Your answer should contain only the lines from the top of the data below down through the one with "MRTでチャンギ空港~市内へ", transcribed exactly and without pictures; please include nothing more.

| Source material |
◆ ◆ ◆ ◆

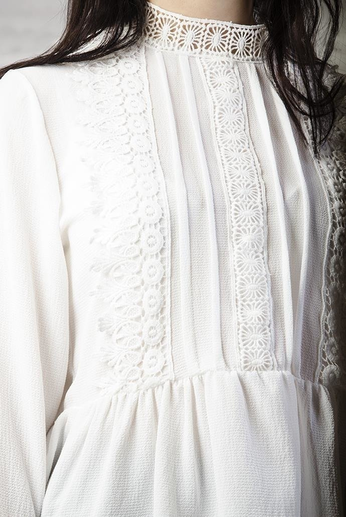 Biała bluzka szyfonowa z ażurowymi zdobieniami
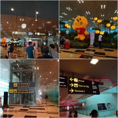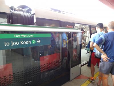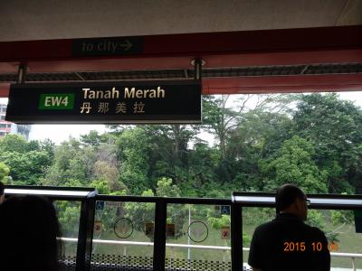 MRTでチャンギ空港~市内へ行くときにはここで必ず乗り換えます。シンガポールに着いてから初めてシンガポールの外気に触れました。やっぱり南国ですね、空気が熱くてジメッとしています。通常市内に行く列車は反対側のホームなので楽です。
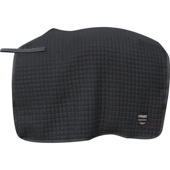 Hochwertiges Übungslaken aus gestepptem Cooler-Stoff. Die CATAGO-Ausreitdecke ist äußerst funktionell, da der Stoff den Rücken des Pferdes warm hält, gleichzeitig atmungsaktiv ist und Feuchtigkeit und überschüssige Wärme ableitet. Die Trainingsdecke verfügt über Klettverschlüsse zur Befestigung am Sattel und einen Schweifriemen, um die korrekte Position der Decke während des Reitens beizubehalten.

◆ ◆ ◆ ◆

| Expected answer |
 Biała bluzka szyfonowa z ażurowymi zdobieniami
 MRTでチャンギ空港~市内へ行くときにはここで必ず乗り換えます。シンガポールに着いてから初めてシンガポールの外気に触れました。やっぱり南国ですね、空気が熱くてジメッとしています。通常市内に行く列車は反対側のホームなので楽です。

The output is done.